___ Provided material ___
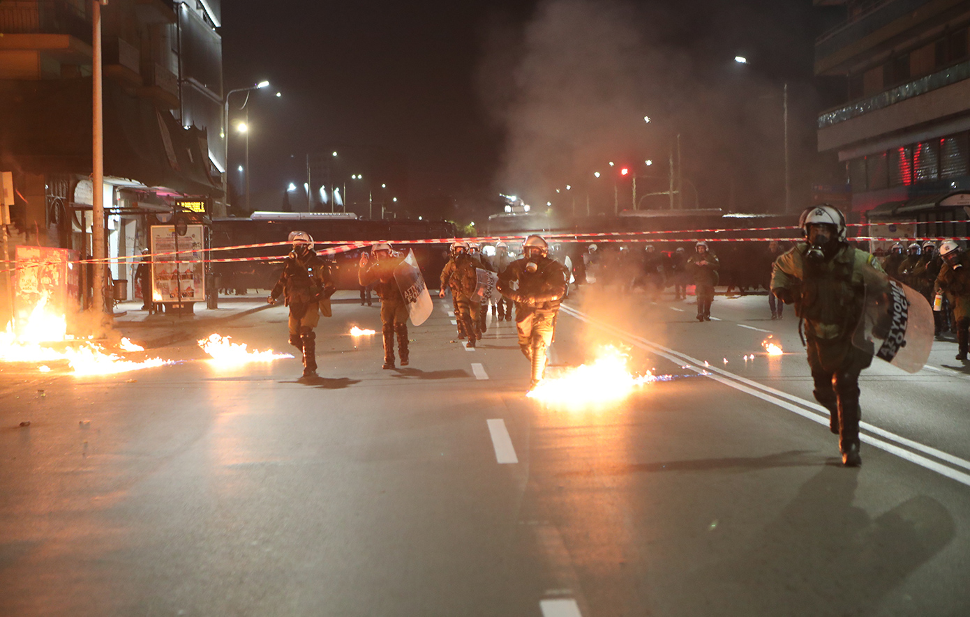 Επίθεση με αυτοσχέδιες βόμβες μολότοφ δέχθηκε διμοιρία των ΜΑΤ στην οδό Αγίου Δημητρίου, έξω από το τουρκικό προξενείο, στη Θεσσαλονίκη τα ξημερώματα της Δευτέρας 18/11 στο πλαίσιο των διαδηλώσεων για την 51η επέτειο της εξέγερσης του Πολυτεχνείου.
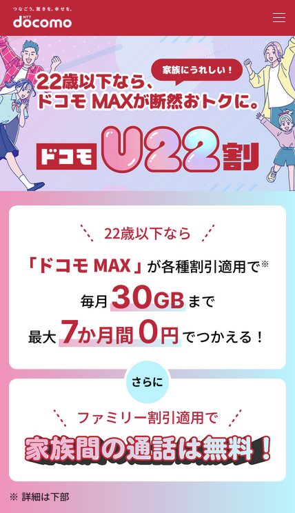 ドコモU22割は家族通話無料対象のドコモ MAXだけに適用可能なキャンペーンなので、利用者は家族間通話が無料になります。
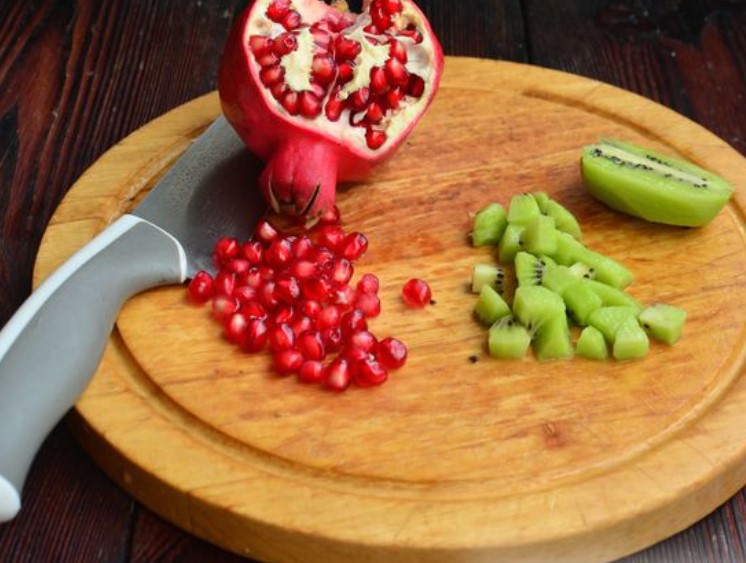 Prepare pomegranate seeds to decorate “Christmas trees”. Peel half of the kiwi and cut into small cubes.
___
Prompt → Please set down each line of the data above exactly as written, without the pictures.

Output →
 Επίθεση με αυτοσχέδιες βόμβες μολότοφ δέχθηκε διμοιρία των ΜΑΤ στην οδό Αγίου Δημητρίου, έξω από το τουρκικό προξενείο, στη Θεσσαλονίκη τα ξημερώματα της Δευτέρας 18/11 στο πλαίσιο των διαδηλώσεων για την 51η επέτειο της εξέγερσης του Πολυτεχνείου.
 ドコモU22割は家族通話無料対象のドコモ MAXだけに適用可能なキャンペーンなので、利用者は家族間通話が無料になります。
 Prepare pomegranate seeds to decorate “Christmas trees”. Peel half of the kiwi and cut into small cubes.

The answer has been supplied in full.